Long-tailed duck doing what it does best – 2/3rds of it time is spent underwater when it is foraging
I was out at Balcomie Beach this morning. Even though the temperature was up a few degrees on yesterday it felt much colder in the open. The wind was from the south-west and very chilly bringing showers with it. Everything must have been taking shelter. There was almost nothing to see that wasn’t out on the sea where there can be no escape from the wind anyway. The long-tailed ducks are still in Balcomie Bay. Four this morning and a few more flying along the coast. Long-tailed ducks spend more time below the water than above it so they can be hard to count. Any scan across an expanse of sea will miss two-thirds of the ducks at any one time. Another problem with counting long-tails is their mobility. At the moment there is concern that numbers of long-tailed ducks are declining seriously across Europe and particularly in the UK. But we only have wintering birds and ducks are notoriously fickle with changing weather, staying put rather than migrating if conditions allow.
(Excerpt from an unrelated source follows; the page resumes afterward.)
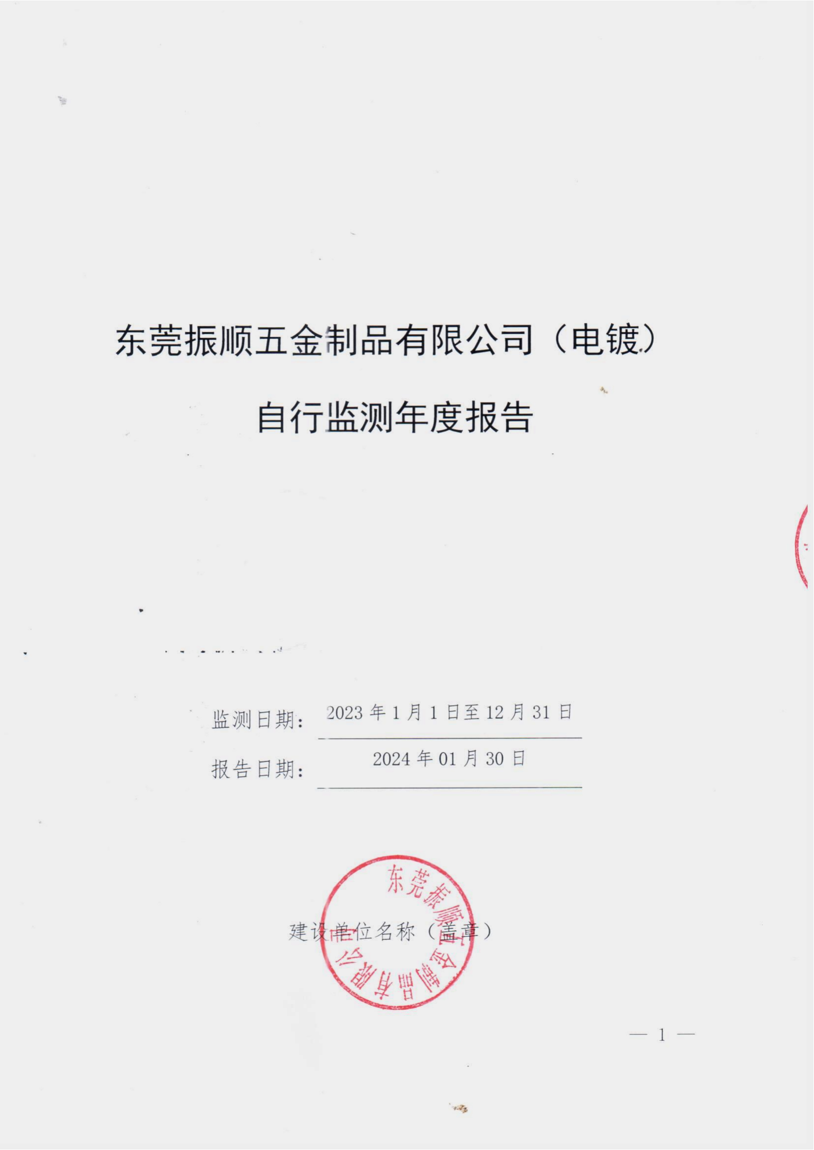 東莞振順五金制品有限公司(電鍍)2023年自行監(jiān)

The Americans call this “frame bias” – where a duck counter in one state might report a worrying decline in a species where a counter in a neighbouring state might report an increase. Overall no problem if you have a big enough spatial frame for the counts and consider the two states as the same population. We also have this problem across Europe. Good counts in some places (Western Europe) and poorer elsewhere (Russia for example). So a decline in Western Europe may be simply a redistribution, with an increase not being recorded in another location. With long-tailed ducks that winter along any stretch of coast right up to the Arctic, regardless of who is there to count them, this may well be the case. Then again a rapid decline of a bird population globally is not particularly unusual these days. I hope it’s just frame bias: long-tailed ducks are one of best Crail winter birds and I love being able to see them every time I look out to sea.
There was a white-billed diver out at the Isle of May on Wednesday. I have been checking the sea regularly since then in a forlorn hope of seeing this very rare species. The last ones I saw were 11 years ago in the high Arctic of North America, and one this far south is very unusual indeed. I have only seen our usual red-throated divers in the last few days.